TENTANG KEDIRI
Tahu Takwa
Ini salah satu makanan khas kediri tentunya buat oleh- oleh.Tahu
ini ada di kediri pertama kali dikenalkan oleh pengusaha asal Cina bernama Bah
Kacung pada tahun 1912, Dan semenjak itu tahu taqwa ini menjadi khas kediri . Nama
‘takwa’ sendiri berasal dari bahasa Mandarin yang berarti ‘aroma’.
Memang sangat sesuai dengan namanya, anda bisa membedakan mana tahu
takwa yang asli dan mana tahu biasa dari aromanya. Aromanya gurih dan
sangat menggoda bahkan sebelum dirasakan di lidah.Rasa tahu ini gurih tekstur yang kenyal dan lembut saat dimakan.
Berbentuk kotak seperti tahu kebanyakan. memiliki ciri khas yaitu warna kuning menggunakan pewarna makanan alami yaitu kunyit.
Jadi sangat aman untuk dikonsumsi. Dalam pembuatannya juga sedikit berbeda
dengan tahu lainnya. Pertama tahu yang baru di buat ini direbus dengan kunyit dan garam. Jadi walaupun belum digoreng, tahu
takwa bisa langsung dikonsumsi karena saat perebusannya membuat tahu
ini matang.
KESENIAN JARANAN DAN KETHEK OGLENG KEDIRI
Ragam kesenian di Kabupaten Kediri tentunya tidak lepas dari sejarah
kerajaan Kediri.Beberapa kesenian khas daerah yang dapat dinikmati
wisatawan antara lain Seni Jaranan, kethek ogleng dll
Kesenian Jaranan menyuguhkan berbagai atraksi menarik yang kadang mampu
membangkitkan rasa takjub.Atraksi gerak pemain dengan diiringi tabuhan
gamelan serta sesekali diselingi unsur magis menjadikan kesenian ini
layak ditonton.
Di Kabupaten Kediri terdapat beberapa kesenian Jaranan yang dapat
dinikmati diantaranya Jaranan Senterewe, Jaranan Pegon, Jaranan Dor, dan
Jaranan Jowo.

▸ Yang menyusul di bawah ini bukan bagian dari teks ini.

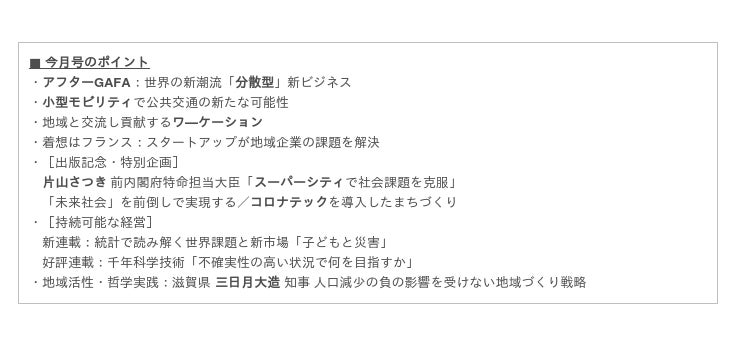 これまでの社会は大都市に人口が集中し、高密度化することで発展を遂げてきました。しかし、コロナ禍はそのリスクを顕在化させる結果となり、改めて地方への注目度が高まっています。今月の特集では、脱一極集中や分散型社会がもたらす新ビジネス、地方における新産業がテーマです。社会の様々な側面で変化が求められる今、こうした流れは、地方において新産業を生み出す可能性があるとともに、ものづくりや金融、食や農業、エネルギーなど、従来、集権的なシステムで成り立ってきたものが解体・分散化し、新たなビジネスの勃興を加速させています。

Jaranan Jowo merupakan salah satu kesenian Jaranan yang
mengandung unsur magis dalam tariannya. Dimana pada puncaknya penari
akan mengalami TRANCE (kesurupan) dan melakukan aksi berbahaya yang
terkadang di luar akal manusia.
Sedangkan Jaranan Dor, Jaranan Pegon, dan Jaranan Senterewe lebih
mengedepan kan kreatifitas gerak dengan iringan musik yang dinamis.
Jaranan Senterewe merupakan jaranan yang digemari, karena dalam
penampilannya selalu disertai hiburan lagu-lagu yang bernada diatonis.
Seluruh kesenian jaranandi Kabupaten Kediri berada di bawah naungan
Paguyuban Seni Jaranan (PASJAR) Kabupaten Kediri. Pemakeman Jaranan
Kediri mengalami kendala karena hampir di setipa daerah terdapat
kesenian ini, terutama daerah sekitar kediri, namun berbeda gerakanya.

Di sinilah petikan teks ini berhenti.